Data provided:
━━━━━━━━
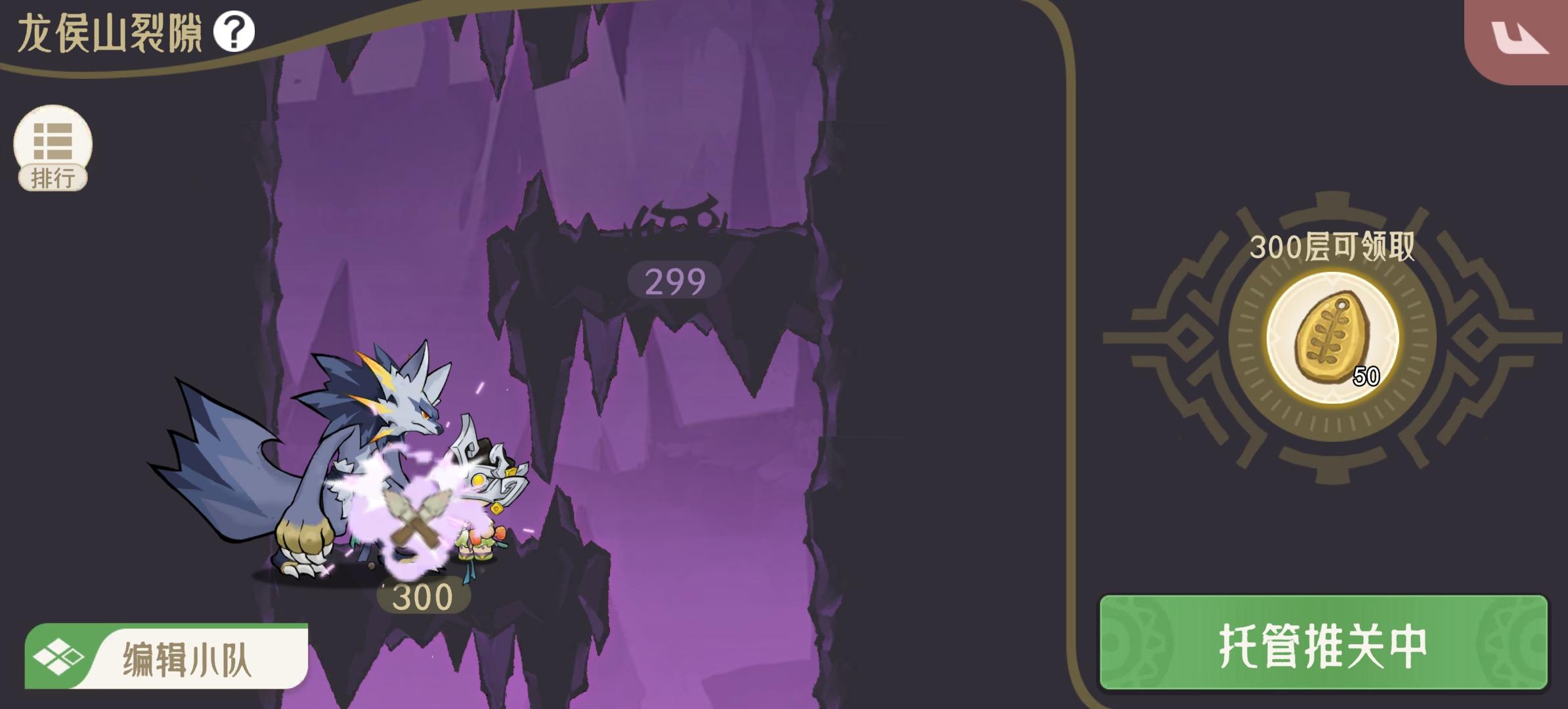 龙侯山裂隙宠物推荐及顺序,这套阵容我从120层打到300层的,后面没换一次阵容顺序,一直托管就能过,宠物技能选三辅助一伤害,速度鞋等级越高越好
━━━━━━━━
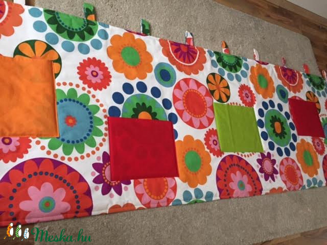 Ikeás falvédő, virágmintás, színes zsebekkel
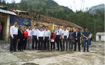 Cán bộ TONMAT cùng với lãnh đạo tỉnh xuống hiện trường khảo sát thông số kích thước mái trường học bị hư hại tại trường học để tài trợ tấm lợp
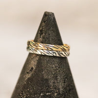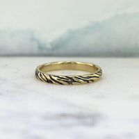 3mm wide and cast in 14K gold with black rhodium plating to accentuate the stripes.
━━━━━━━━
What the task requires: In the entries above, find the line containing "Ikeás falvédő, virágmintás, színes zsebekkel" and the line containing "3mm wide and", then copy both and every line between them exactly, without any picture.

Exercise result:
 Ikeás falvédő, virágmintás, színes zsebekkel
 Cán bộ TONMAT cùng với lãnh đạo tỉnh xuống hiện trường khảo sát thông số kích thước mái trường học bị hư hại tại trường học để tài trợ tấm lợp
 3mm wide and cast in 14K gold with black rhodium plating to accentuate the stripes.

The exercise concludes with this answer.